Вы слово "насилие" употребляете примерно в том смысле, в котором я употребляю слово "преступление". Но есть и различие. Для меня преступление - это нарушение прав, правонарушение. А для вас насилие - это посягательство не только на права, но ещё на свободу и собственность. Про разницу между правами и собственностью Вы мне рассказали: права - это возможности, а собственность - ресурсы. Расскажите теперь о свободе, она в Вашей триаде на первом месте.
О. Свобода - возможность выбора вида человеческой деятельности.

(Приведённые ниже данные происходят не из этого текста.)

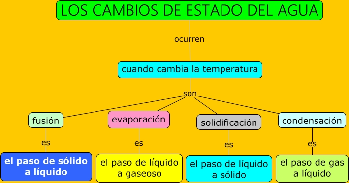 Este Cmap, tiene información relacionada con: Los cambios de estado del agua, condensación es el paso de gas a líquido, LOS CAMBIOS DE ESTADO DEL AGUA ocurren cuando cambia la temperatura, cuando cambia la temperatura son evaporación, cuando cambia la temperatura son condensación, fusión es el paso de sólido a líquido, cuando cambia la temperatura son solidificación, solidificación es el paso de líquido a sólido, evaporación es el paso de líquido a gaseoso, cuando cambia la temperatura son fusión
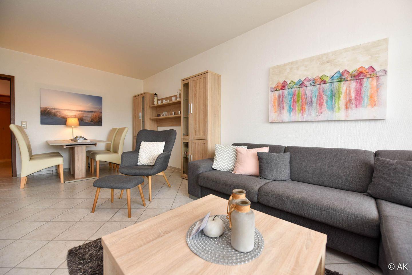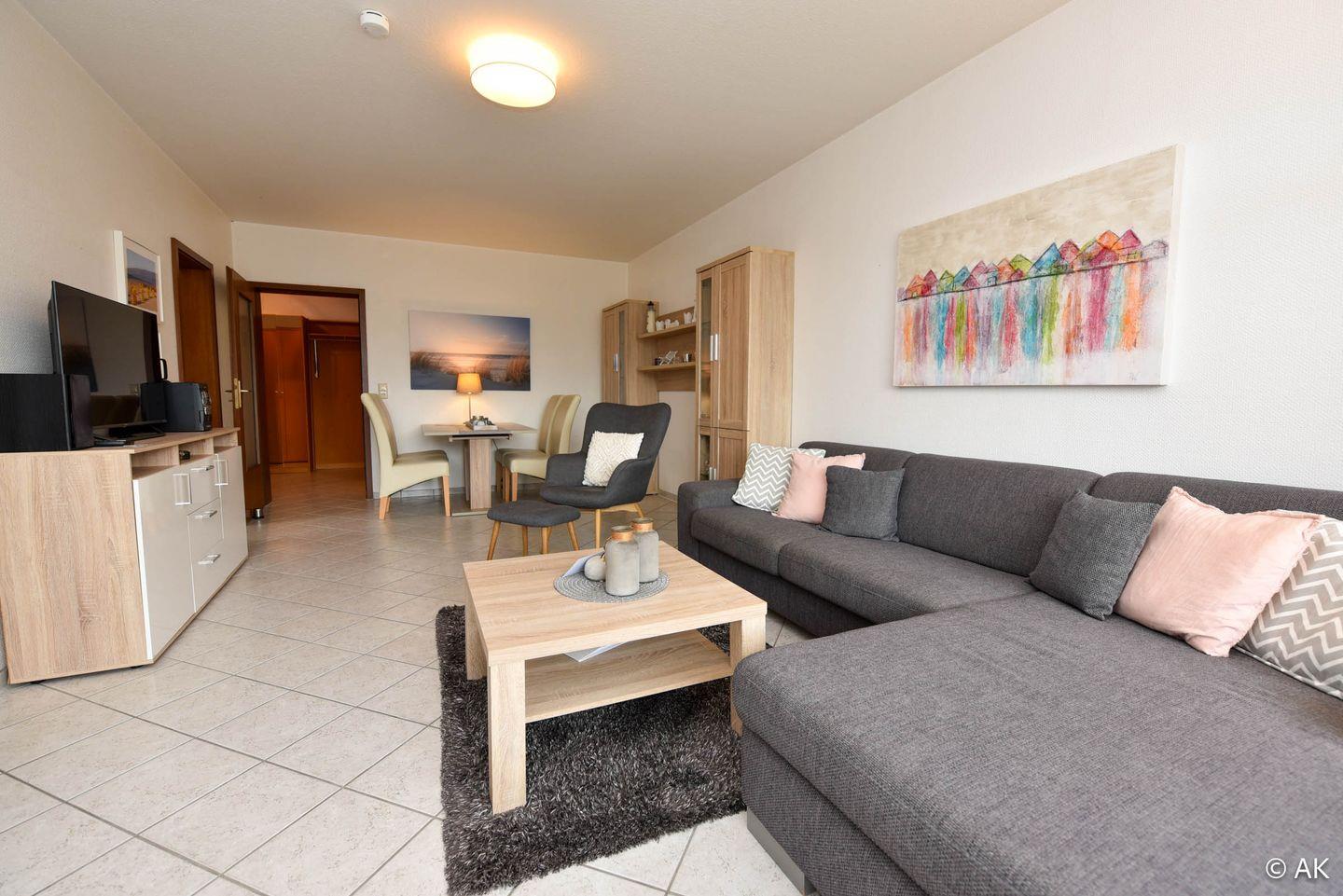 Großzügige 2-Zimmer-Ferienwohnung im 1. OG im Haus LEE mit WLAN. Großzügige geflieste Wohnung mit großem Wohn-/Schlafraum in welchem sich u.a. eine Doppel-Schlafsofagarnitur befindet. Der Küchenraum ist mit einer Küchenzeile, einem Backofen, einer Mikrowelle und einem Geschirrspülautomat, sowie einem Esstisch ausgestattet. Das Schlafzimmer bietet ein Doppelbett und noch Platz für ein Kinderbett. Modernes Duschbad/WC. Zusätzlich gibt es noch einen Balkon und einen Garagenstellplatz. Schwimmbadnutzung kostenfrei!
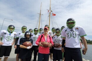Gdansk Nowy Port. Otwarcie Falochronu dla Spacerowiczów. Nz Poseł Iwona Guzowska z zespołem futbolu amerykańskiego Wikingowie Gdańsk
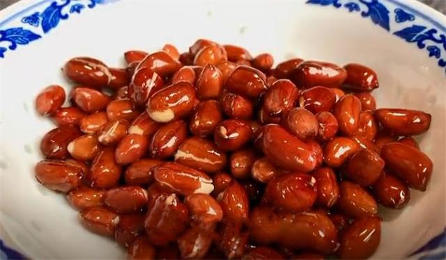 7.剛才燒油的鍋不用放油,倒入一碗花生米進(jìn)去翻炒,炒至花生米發(fā)出噼噼啪啪的聲音,像這樣的狀態(tài)就可以,然后把它盛進(jìn)碗里面?zhèn)溆谩?/p>
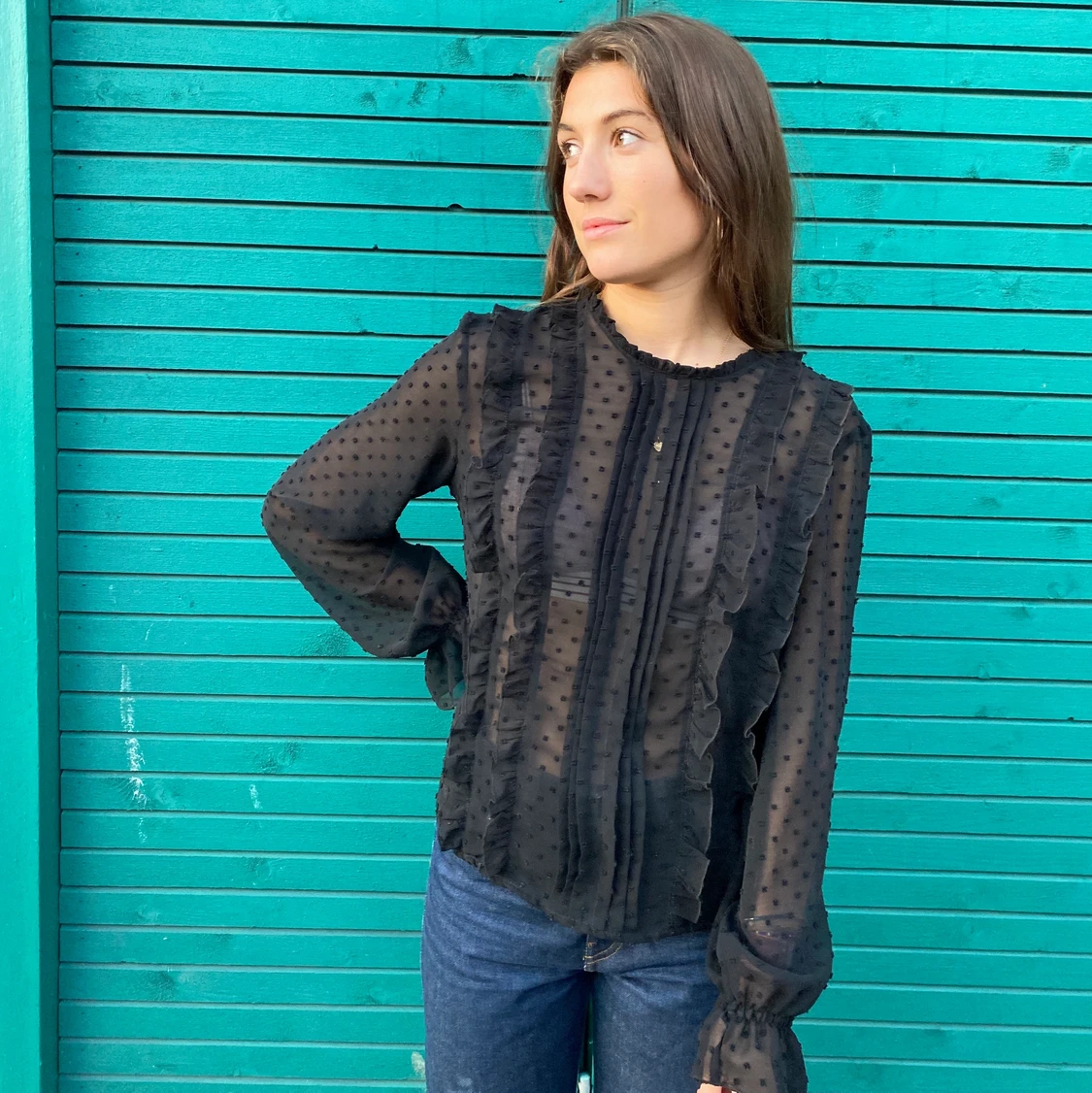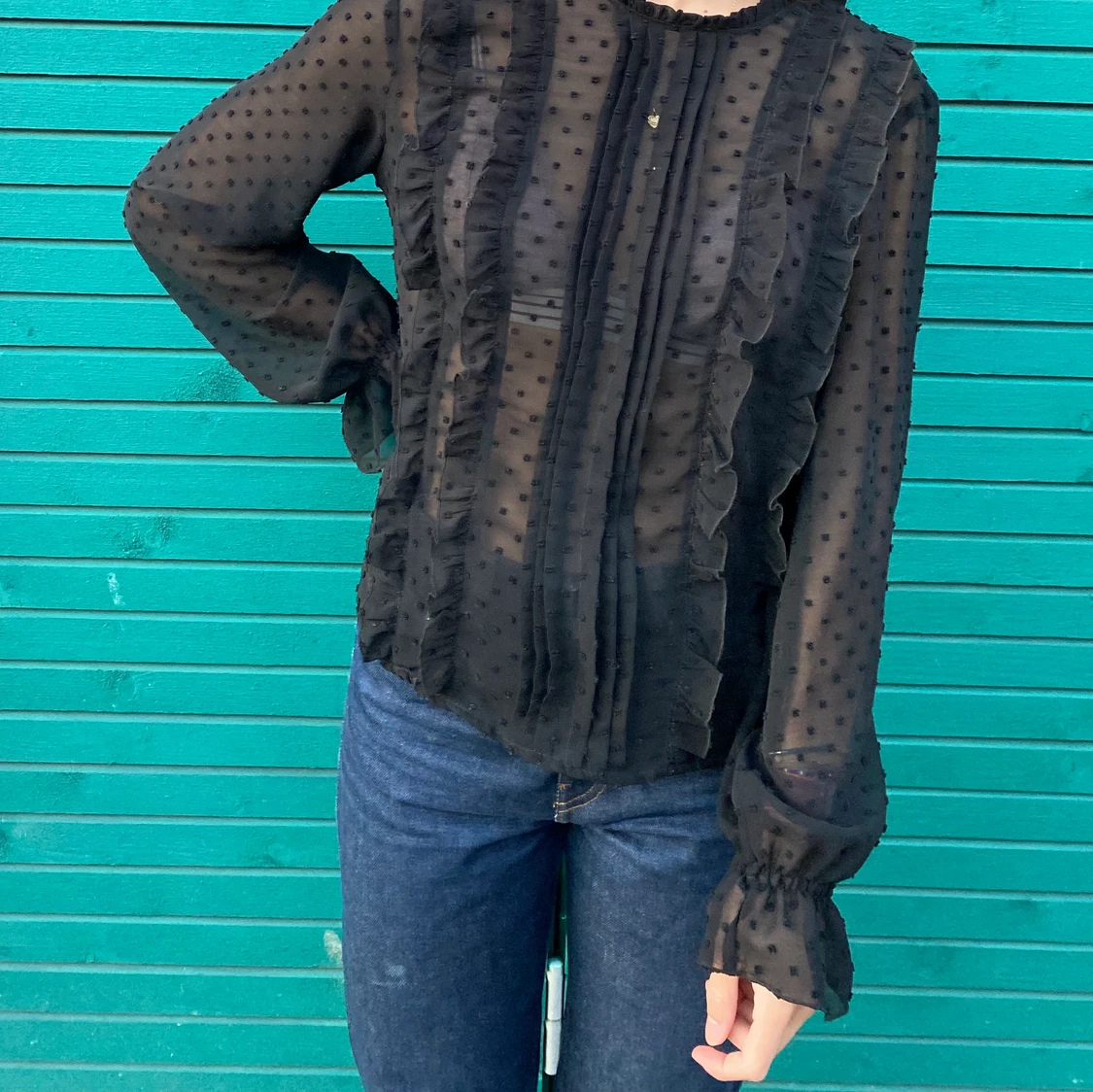 Sort blonde skjorte med prikker og flæser fra Zara, let gennemsigtigt og meget elegant !
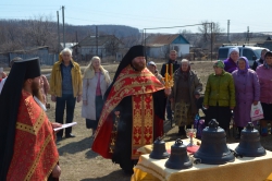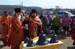В своем поздравлении, отец Никон отметил - у храма теперь есть свой голос, который будет созывать народ на службу Божию. Он выразил надежду, что общими молитвами и трудами восстановление этого старинного храма будет активно продолжаться. После освящения колокола были установлены на звонницу, и раздался пасхальный звон.
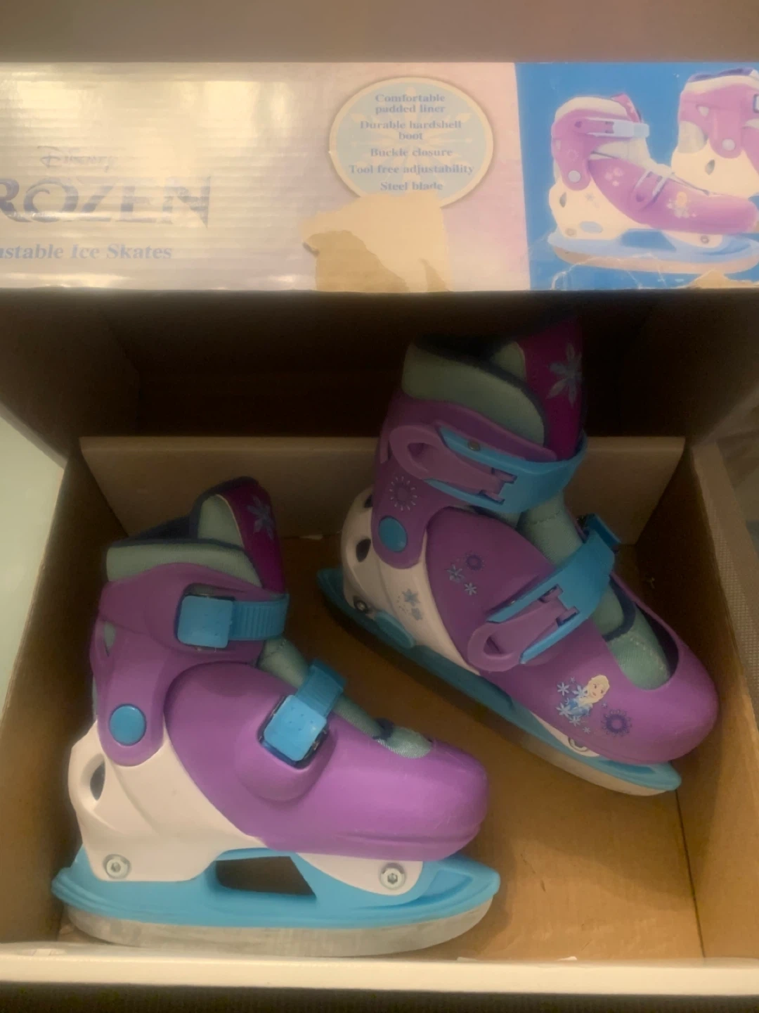 Selling a pair of Disney Frozen adjustable ice skates! They're in great shape and come in the original box. These skates adjust to fit sizes 8-11, perfect for growing kids. They feature a comfortable padded liner and a buckle closure for a secure fit. Your little one will love skating around with Elsa and Anna!
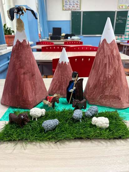 В номинации "Тайны горных вершин" мы хотели показать красоту и величие Дагестана. Раджабов Хабиб сделал горы из бумаги и раскрасил их красками, слепил из пластилина. С помощью взрослых из глины слепил чабана, овец и бычков. Слова Расула Гамзатова о горах очень символичны "Жители гор переняли нрав гор, а горы нрав жителей". Нам интересна тема гор, потому что горные пейзажи завораживают и дарят незабываемые впечатления.

Эта триада одно целое. И одно без другого не работает. Эта триада и есть сам человек.
Священная троица.
Я. Свобода - возможность. Право - возможность. А собственность - ресурс, который тоже возможность. Зачем Вам три слова вместо одного?
О. Можно заменить одним, Человек.
***
Разговор о свободе, правах, собственности, о чьих-то ресурсах и возможностях - это, по сути, разговор об одном: о размежёванных ценных силах, включая производительные силы. Но говорящие не видят единства. Для них все эти слова о разном. Отсюда плеоназмы, которых они не замечают: «права и свободы», «право на свободу», «право собственности», «правовые возможности», «право на ресурс». Язык без широких обобщений - первобытный язык. На этом языке дождь для смотрящего из окна может называться иначе, чем дождь, под которым ты идёшь, и нет слова для обозначения дождя вообще. На этом первобытном языке нельзя сказать, что только межи превращают силы в права, в собственность, в собь, в собину или в свободу. На этом языке тавтология «частная собственность» легко превращается в оксюморон «общественная собственность». Науку на этом языке не создашь.
Когда вы говорите на первобытном языке, вы распространяете левые идеи, даже не ведая того.
Первое, что нужно сделать для распространения правых идей - это создать непротиворечивый язык, свободный от плеоназмов и оксюморонов.